Item 1.01 Entry into a Material Definitive Agreement.
Paycheck Protection Program Loan
On July 24, 2020, U.S. Well Services, LLC (the “Borrower”), a wholly owned subsidiary of U.S. Well Services, Inc. (the “Company”), entered into a Promissory Note (the “Note”) with Bank of America, N.A., as lender, pursuant to the Paycheck Protection Program (the “PPP”) under the Coronavirus Aid, Relief, and Economic Security Act (as amended by the Paycheck Protection Program Flexibility Act of 2020 and as otherwise amended from time to time, the “CARES Act”), in the aggregate principal amount of $10,000,000 (the “PPP Loan”).
The Note matures on July 24, 2025 and bears interest at a rate of one percent (1%) per annum. Monthly principal and interest payments will commence following the end of the Deferment Period (as defined in the PPP Loan). The Borrower may prepay the principal of the PPP Loan at any time without a prepayment penalty. Proceeds of the PPP Loan will be used to retain workers and maintain payroll or make mortgage interest payments, lease payments, and utility payments, as specified under the rules and guidance issued by the U.S. Small Business Administration (“SBA”) implementing the PPP under Division A, Title I of the CARES Act. Under the terms of the PPP, up to the entire amount of principal and accrued interest may be forgiven to the extent the PPP Loan proceeds are used as described in the CARES Act and applicable issuing guidance issued by the SBA under the PPP. The Company intends that the Borrower would use its entire PPP Loan for designated qualifying expenses and to apply for forgiveness in accordance with the terms of the PPP. No assurance can be given that the Borrower will obtain forgiveness of the PPP Loan in whole or in part.
The Borrower did not provide any collateral or guarantees for the PPP Loan, nor did the Borrower pay any facility charge to obtain the PPP Loan. The Note provides for customary events of default, including, among others, those relating to bankruptcy, failure to make payments, breaches of representations and material adverse effects.
The lender under the Borrower’s ABL Credit Agreement dated May 7, 2019 consented to the Borrower’s incurrence of the PPP Loan.
The foregoing description of the Note does not purport to be complete and is qualified in its entirety by reference to the full text of the Note, which is filed as Exhibit 10.1 to this Current Report on Form 8-K and incorporated herein by reference.
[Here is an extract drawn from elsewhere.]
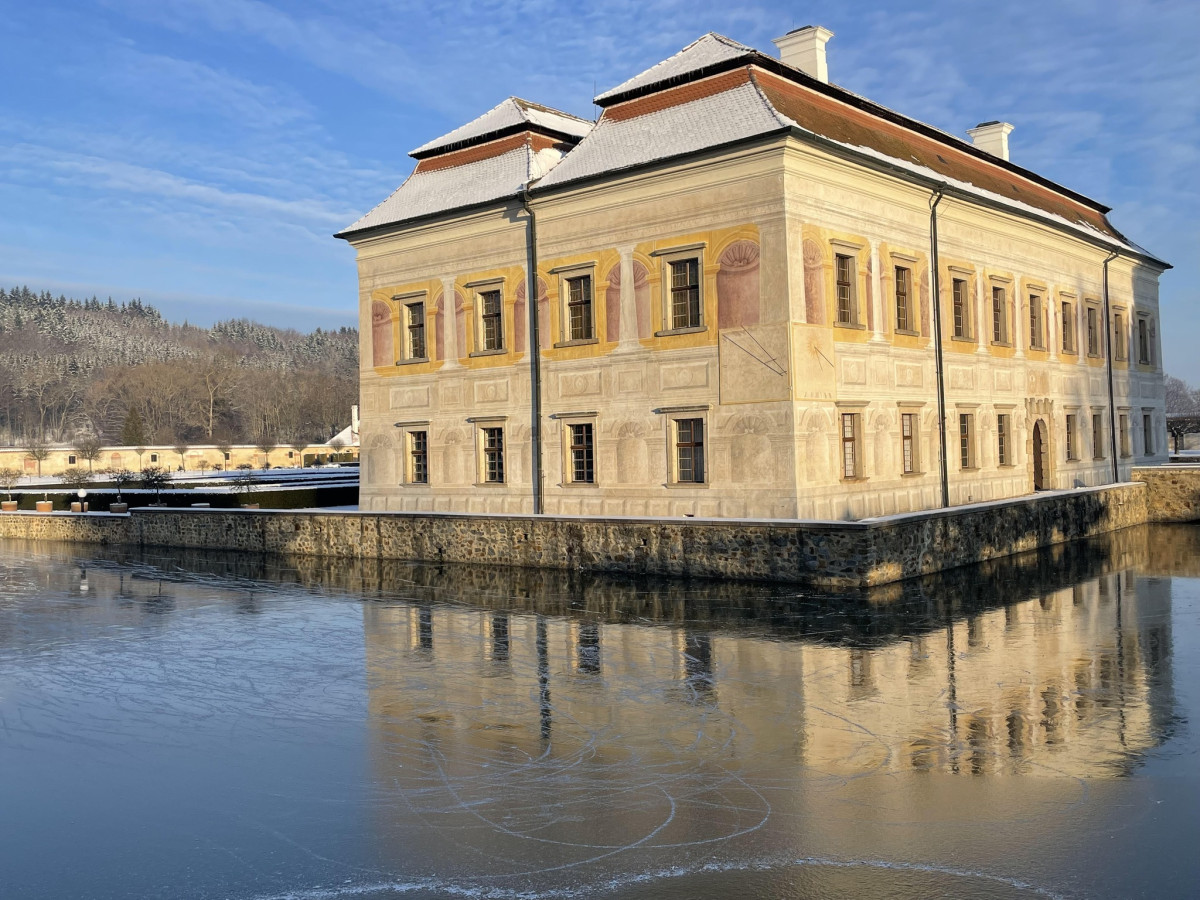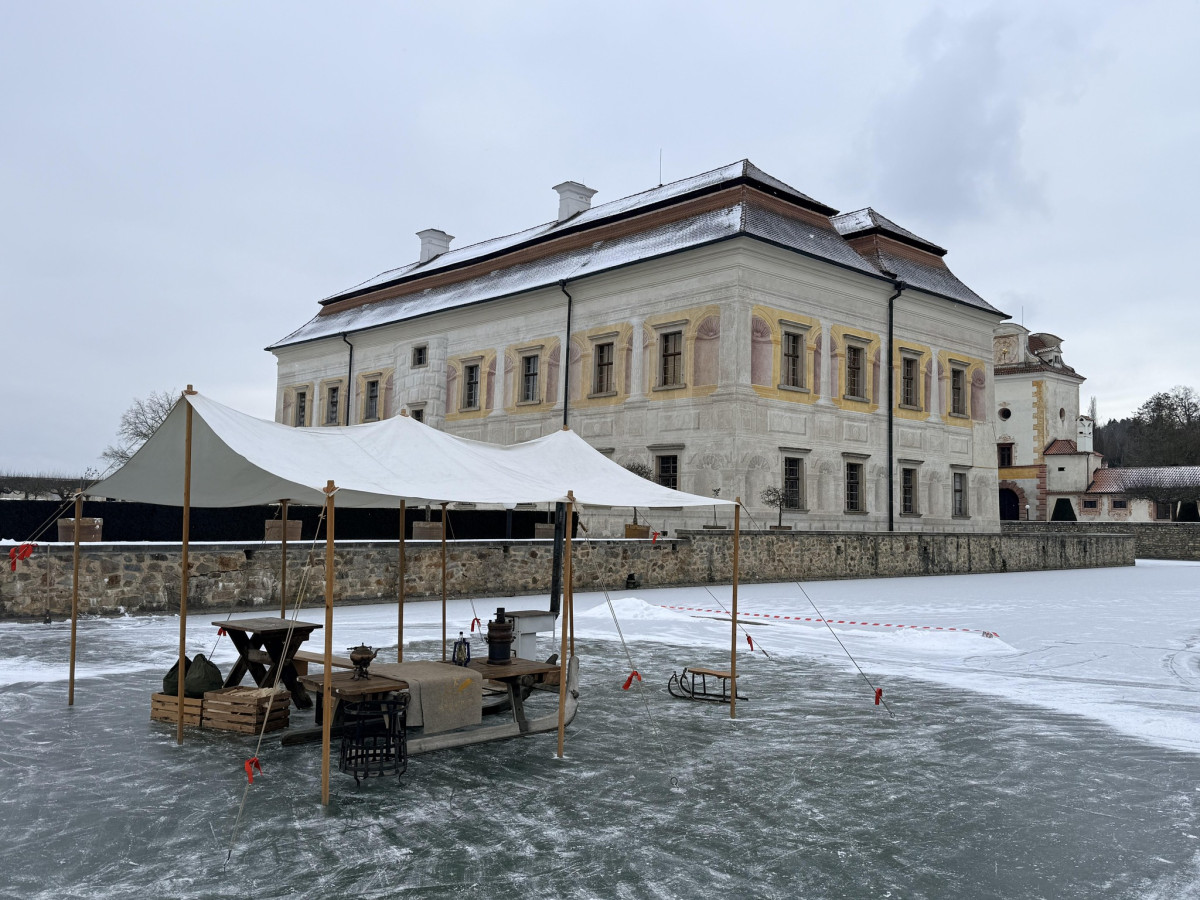 Neobvyklé kluziště boduje. Vodní příkop u Kratochvíle láká davy bruslařů

Third Amendment to Senior Secured Term Loan Credit Agreement
On July 30, 2020, the Borrower, the Company and the subsidiary guarantors party thereto (collectively, the “Loan Parties”), entered into a Third Amendment to Senior Secured Term Loan Credit Agreement (the “Term Loan Amendment”) with CLMG Corp., as administrative agent (the “Administrative Agent”), CLMG Corp., as collateral agent (the “Collateral Agent”, and together with the Administrative Agent, the “Agents”) and the lenders party thereto (the “Lenders”). The Term Loan Amendment amends that certain Senior Secured Term Loan Credit Agreement, dated as of May 7, 2019 (as may be amended, restated, supplemented, or otherwise modified from time to time, the “Credit Agreement”), among the Loan Parties, the Agents, the Lenders, and certain other financial institutions party thereto from time to time.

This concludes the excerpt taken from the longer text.